In theory, I could just “refer to a textbook” to fill in the gaps in my knowledge, but for as long as I have wanted to be a polymath (ever since I read a Horrible Histories book about Leonardo Da Vinci in primary school!), I have never ever once done that because 1) searching for a particular fact in a particular textbook is PITA, and 2) there’s no guarantee I will find what I want in any particular textbook! Whereas ChatGPT just evaporates this friction/search cost.
But how do I reconcile this usefulness with the possibility that the search results might be wrong? It clicked into place for me when I read this absolutely profound, mind-shattering quote by the chemist Antoine Lavoisier:
“…strictly speaking, we are not obliged to suppose [caloric] to be a real substance; it being sufficient … that it be considered as the repulsive cause, whatever that may be, which separates the particles of matter from each other; so that we are still at liberty to investigate its effects in an abstract and mathematical manner.”
“Caloric” being the hypothesised “small particles of heat” that get in between the the larger particles of matter, thereby explaining why things expand as they get hot.

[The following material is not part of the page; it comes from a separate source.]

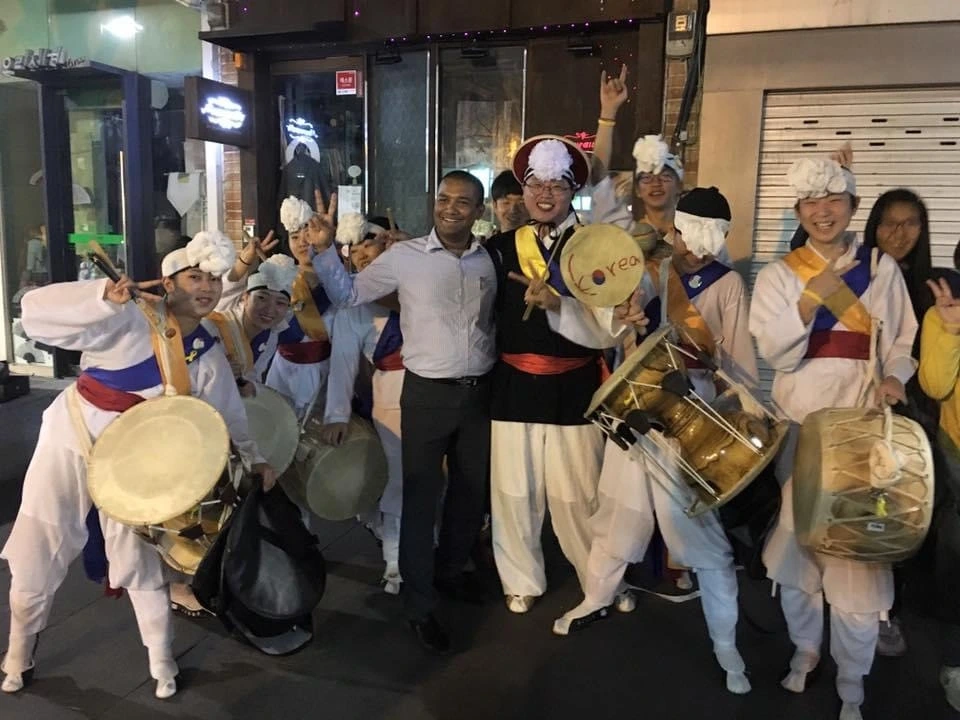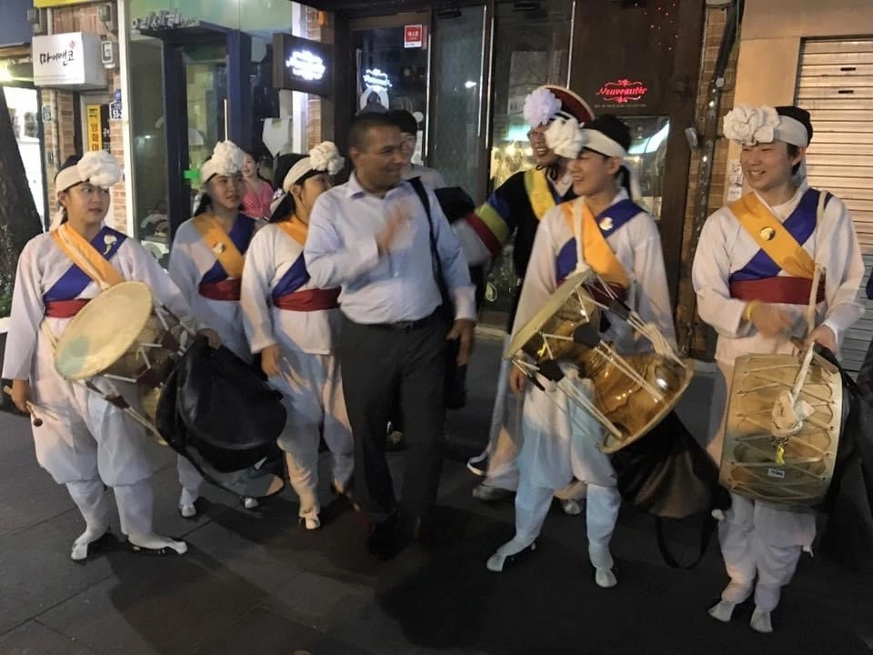 그들의 선반(춤 동작)은, 내가 알고 있는 정읍 우도의 선반과 확실히 달랐다. 그래도 대학교 1학년 때부터, 졸업하기 전까지 동아리 정기 공연만 1년에 3차례씩, 못해도 9번은 뛰었었기에, 백전노장(?!)의 노련함을 보여주고 싶었다. 관객과 논다는 것이 무엇인지 알려주고 싶어, 관객석의 아주머니도 무대 위로 모셔오고, 구경하던 외국인 관광객에게도 슬며시 소고를 쥐어 주었다. (지난 영상을 다시 보니, 판굿을 이끌던 상쇠 친구가 나로 인해 생겨난 변수들로 인해 제법 많이 당황했을 것 같다. 하하하하)

We now know that’s NOT what heat is, but that’s not the crazy part! The crazy part was Lavoisier was fully aware that he might have been wrong, yet it didn’t matter, and he knew that it didn’t matter! And it didn’t matter because all he needed was something that explained what he already knew, and that he could empirically test.

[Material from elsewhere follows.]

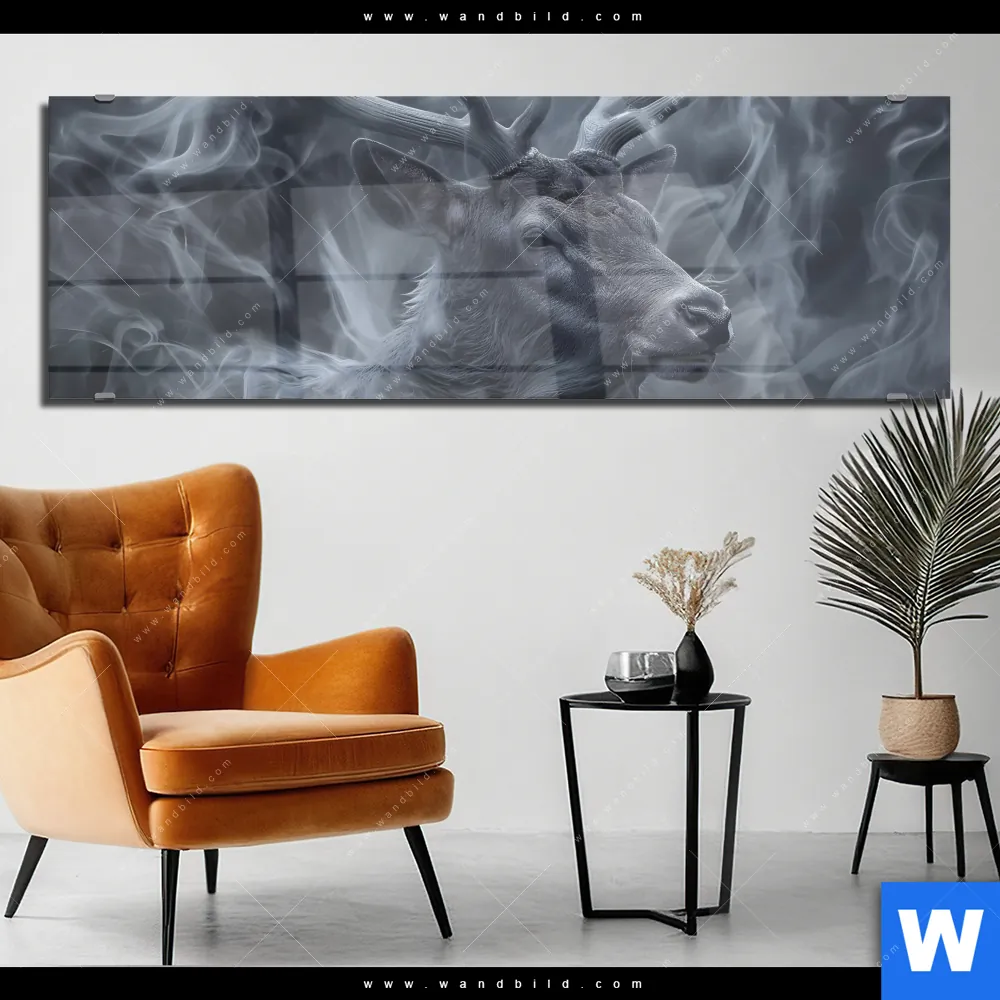 Acrylglasbild | Mystischer Hirsch im Nebel | Panorama

(I would strongly recommend reading at least the first post of the linked series. It has that wonderful and frustrating quality of writing down every idea I thought I was brilliant for figuring out, except done much better and three months before I even thought of the ideas.)

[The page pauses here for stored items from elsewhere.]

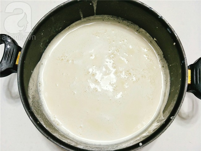 Bật bếp nấu cho nồi sữa sôi lên thì hạ lửa nhỏ và hớt hết bọt nổi trên mặt sữa, thêm 1 xíu muối và nấu vài phút cho sữa đậu chín hoàn toàn thì tắt bếp, vớt lá gelatin cho vào nồi sữa khuấy đều cho gelatin tan hết.
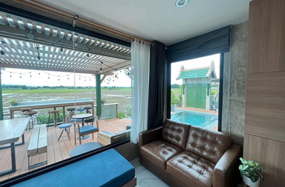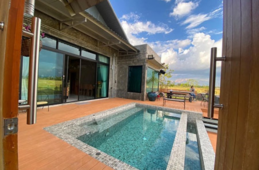 เป็นบ้านชั้นเดียว ยกระดับ ตกแต่ง ทันสมัย วิวเขา ทุ่งนา หนึ่งเดียว ในเขตอำเภอเมือง ที่สามารถสัมผัสธรรมชาติ มองเห็นทุ่งข้าวได้ตลอดปี
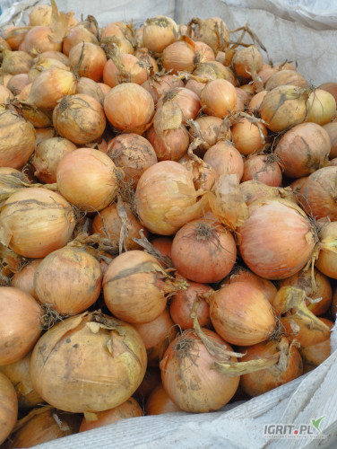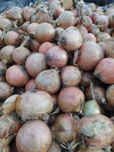 Sprzedam cebule 45-80 po koszu luz lub big bag. Ilość tirowa. Towar po obcinarce na polu jako pryzma.

In other words: If as far as I can tell what ChatGPT is telling me is correct, then it is effectively correct. Whether it is ultimately correct, is something I am by definition in no position to pass judgements on. It may prove to be incorrect later, by contradicting some new fact I learn (or by contradicting itself), but these corrections are just part of learning.
Does this seem unnecessary? Surely, if there already exists a correct answer in a textbook somewhere, its absurd to learn the wrong thing first then learn the correction? But this assumes the correct answer can be easily found! Is it also absurd for an English mathematician to re-derive proofs an Indian mathematician presumably already discovered centuries ago, rather than embark on a months-long quest to India to find some ancient book of proofs?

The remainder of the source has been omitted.